Planetary Giants Rule the Sky

By Alan Hale

Our solar system’s two largest planets take center stage this month. Saturn is highest above the horizon about two hours after darkness falls, and it sets in the west a couple of hours after midnight. Jupiter rises during the midevening and passes almost directly overhead about two hours before the beginning of dawn.

Through a telescope, Saturn’s rings continue to open slowly and gradually after being presented edge-on to us earlier this year. Meanwhile, the cloud patterns in Jupiter’s atmosphere—which have been unusually active with several storms during recent months—may continue this behavior during at least the near future.

Venus has been a brilliant beacon in our morning sky for the past several months, but it has gradually been sinking lower to the horizon for the past few weeks. It all but disappears into the dawn by the end of the month. On Tuesday morning, November 25, Mercury passes close to Venus low in the dawn sky. It climbs higher during subsequent days for an appearance early next month while Venus essentially disappears into twilight.

There are no strong meteor showers during November, although there are various weaker showers that take place. The Leonid shower, which peaks around November 17, has a normal peak rate of about 10 meteors per hour, but it has been known to produce some extremely strong meteor storms around the time its parent comet, Tempel-Tuttle—with an orbital period of 33 years—returns, as what occurred around the beginning of the 21st century.

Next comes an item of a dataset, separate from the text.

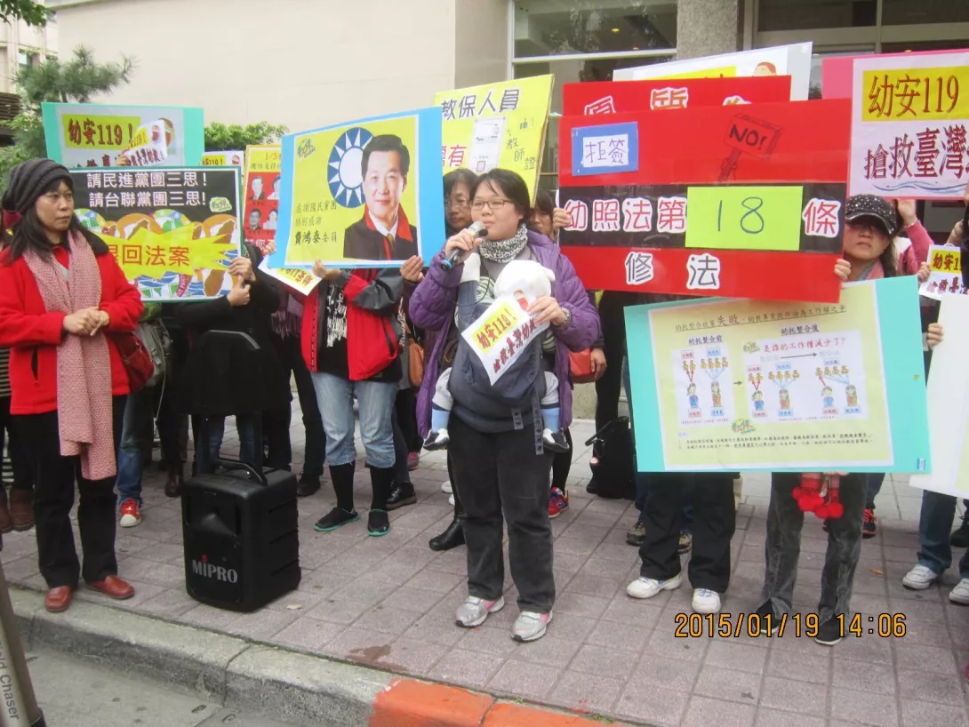 幼保幼教學界聯盟等 幼安119!搶救臺灣幼教!記者20150119:http://youtu.be/WBCqjfPcn8o(YouTube公益新聞頻道.完整影音報導)

There is a possibility of enhanced activity this year, and since the moon will be at its new phase three days later, the skies should be relatively dark.

The newly discovered interstellar Comet 3I/ATLAS was closest to the sun just before the end of October, but it was hidden in sunlight on the far side of the sun from Earth at that time. It begins emerging into the morning sky by the second week of November and will travel northwestward through the stars of the Virgo constellation for the rest of the month as it makes its closest approach to Earth—167 million miles—shortly after mid-December.

While it is difficult to make accurate predictions of its brightness, larger backyard telescopes are likely to detect it as it begins completing its brief sojourn through our solar system and returns to its eternal travels through our galaxy.